Updates for Privileged Planet showing at the Smithsonian

Later today, I will post a review of The Privileged Planet.

For the record, I am an independent Canadian journalist (a freelancer), this is my own opinion, and I do not work for either the production company or Discovery Institute or, so far as I know, anyone else who had anything to do with it.

The review will give you a pretty good idea what is and isn't in the film. I will also try to guess which parts the Washington Post’s editorial board considers "religious" and which parts of the "wrap-up" Smithsonian spokesman Randall Kremer says his bosses “part ways” with.

If any of these folks have explained that somewhere, it will be interesting to see how my guesses compare with their explanations.
(Note: If you came here looking for basic information on the uproar over the Smithsonian screening of an ID-friendly film, The Privileged Planet, go here and here to start. Then, for best service, go here. I continue to update the story as I hear new items of interest. Also, many of the blogs on the right do the same.)

Screenwriter Jonathan Witt notes that in 1997, the Smithsonian presented Cosmos Revisited: A Series Presented in the Memory of Carl Sagan, 10/14 - 12/2/1997 He comments, “Sagan’s Cosmos series is famous for its opening dictum, The Cosmos is all that is or ever was or ever will be.” and asks, “Why didn’t the Smithsonian have a problem promoting this little philosophical flourish?” Well, another one for my burgeoning "double standard" files.

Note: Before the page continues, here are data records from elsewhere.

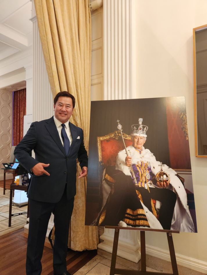 安村さんはインスタグラムで「駐日英国大使館で執り行われた、チャールズ3世国王陛下の誕生及び戴冠式祝賀会に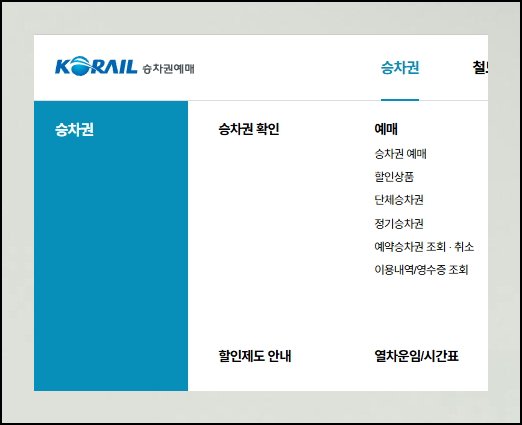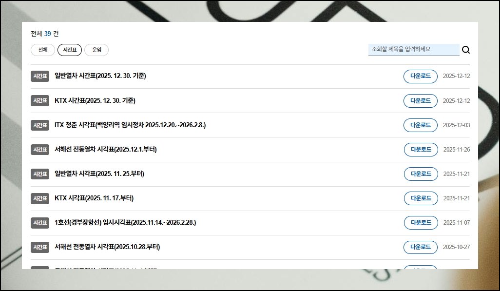 전체 메뉴를 펼치면 승차권 항목 하위에 열차 운임과 시간표 메뉴가 나타나요. 해당 메뉴를 선택해주세요. ITX청춘열차를 포함한 여러 교통수단의 시간표와 요금 정보를 최신 상태로 볼 수 있습니다.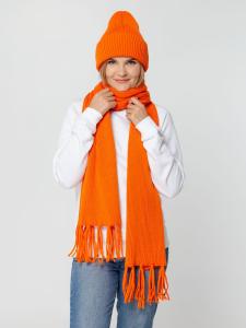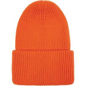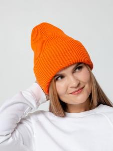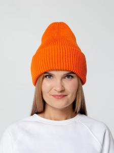 Удлиненная шапка объемной фактурной вязки с отворотом.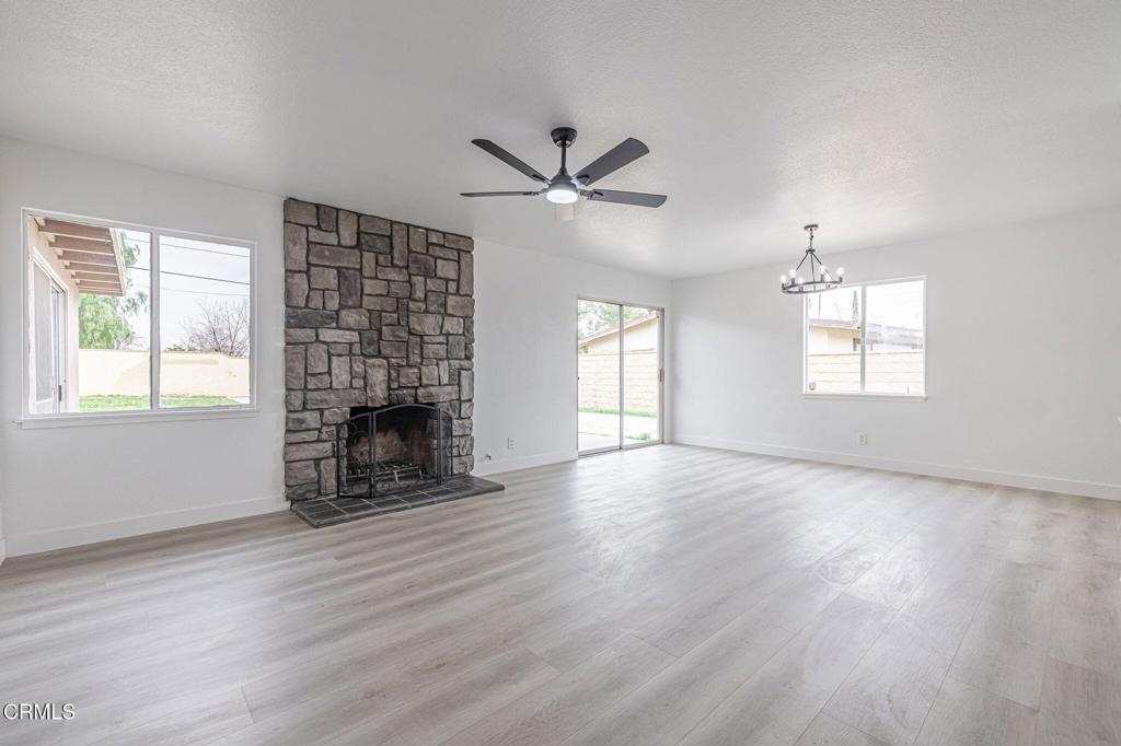Welcome to this stunning 4-bedroom, 2-bathroom single-story in prime West Palmdale! Completely renovated from top to bottom, this exceptional home sits on nearly a quarter acre and features 1,551 sq ft of living space, a brand new roof, newer A/C unit, and upgrades throughout. Step inside and immediately notice the inviting open layout with new paint, new wood laminate flooring, new lighting, and new ceiling fans. The gorgeous custom kitchen features upgraded quartz countertops, new shaker cabinets with matching hardware, a stainless steel stove, and a deep stainless steel sink with stylish matte black faucet. Abundant cabinetry provides impressive storage throughout. The open floor plan showcases a stunning stone fireplace stretching from floor to ceiling, with the dining room seamlessly connected for effortless entertaining. Each spacious bedroom offers comfortable retreat space, and the master bedroom features a sliding door with direct access to the backyard. Both bathrooms have been beautifully upgraded with granite counters, new mirrors, new lighting, and custom tile showers with built-in tubs. Step outside to your expansive backyard featuring a large grass area perfect for entertaining or activities, all surrounded by block walls for complete privacy. The detached two-car garage sits further back on the lot behind a wrought iron fence, and RV parking is available. Located near Target, Home Goods, Lowes, plenty of dining options, and just down the street from the Mall. This turnkey home is truly one of a kind. Schedule your showing today because this one won't last long!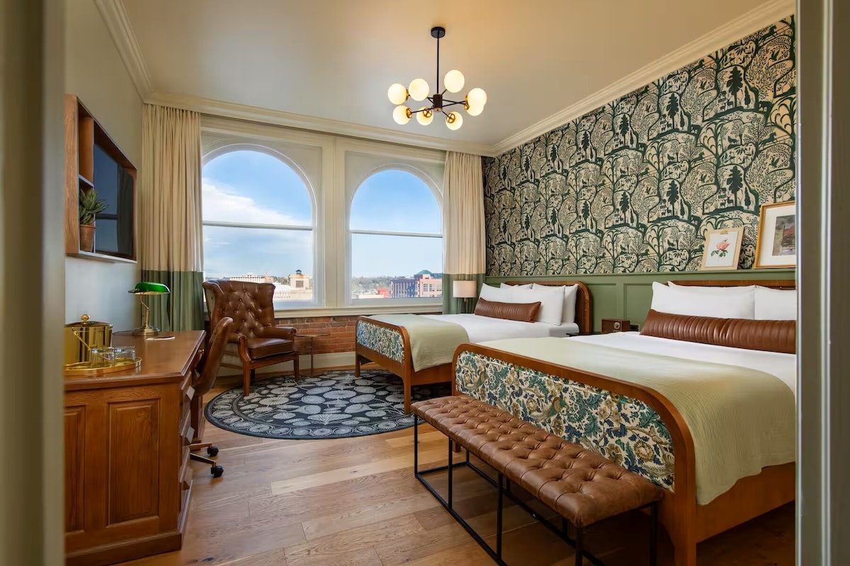 Our Executive King Suites are perfect for a long stay, whether your trip is work or pleasure. This spacious room provides a sitting area, a table for working, meeting, or eating, and a large height adjustable desk to get in your standing time. Rest up with our Tuft & Needle mattress, soft Brooklinen sheets, white noise machine, and blackout blinds.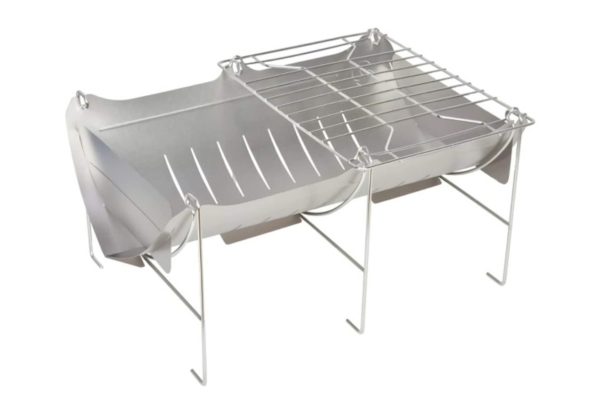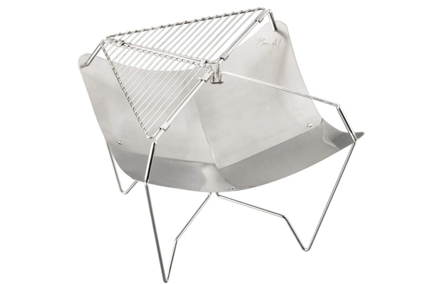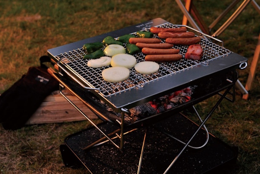 焚き火のしやすさと料理のしやすさを両立した、BUNDOKの焚き火台 Lotus。スマートなデザインながらも市販の薪がそのまま入るサイズで焚き火しやすいだけでなく、収納時は薄くコンパクトになり持ち運びのしやすさも◎。付属の網は焚き火台の半分を覆うように取り付けられるので、火加減の調整がしやすくなっている構造も秀逸です。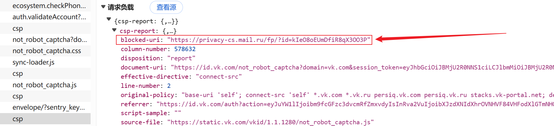 blocked-uri 中的接口在首页 vk.com 生成二维码时就会触发,因此该值需要在首页调试,否则都是从封装的 IndexedDB 中取已存储的值,无法定位生成逻辑。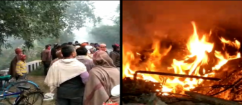 अनियंत्रित कार डिवाइडर से टकराई | आग लगने से कार में फंसा चालक जिंदा जला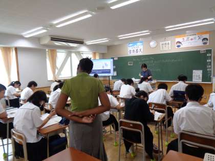 学活と英語です。学活では、合唱曲のイメージをふくらませていました。英語は、ALTの先生も一緒に学習していました。

By the way, here’s Discovery Institute’s response to the Post editorial, linked above.

A curious twist in this byzantine story is that, if you go back to my post of May 27, it is clear that Discovery had only wanted to rent the space in the first place, and was not even trying to get the Smithsonian to co-sponsor the film.

Discovery chief Bruce Chapman makes that point in "his response: “The writer had seen a copy of the letter from the Smithsonian declaring its co-sponsorship and she knew from several sources that the co-sponsorship was not sought by Discovery, but actually was required by the Smithsonian. That the Museum withdrew a gift that was never requested fails to draw her interest at all.”

Interestingly, this blog The Post-Darwinist records all this from a time when it was a disputed interpretation. Maybe that's one reason people read blogs.

Also, from what I can see from the Smithsonian’s official statement of June 1, they will indeed be screening the film for free: “Given that the Discovery Institute has already issued invitations, we will honor the commitment made to provide space for the event, but will not participate or accept a donation for it.”

Presumably, they cannot just accept rent? (Yo, American taxpayers.)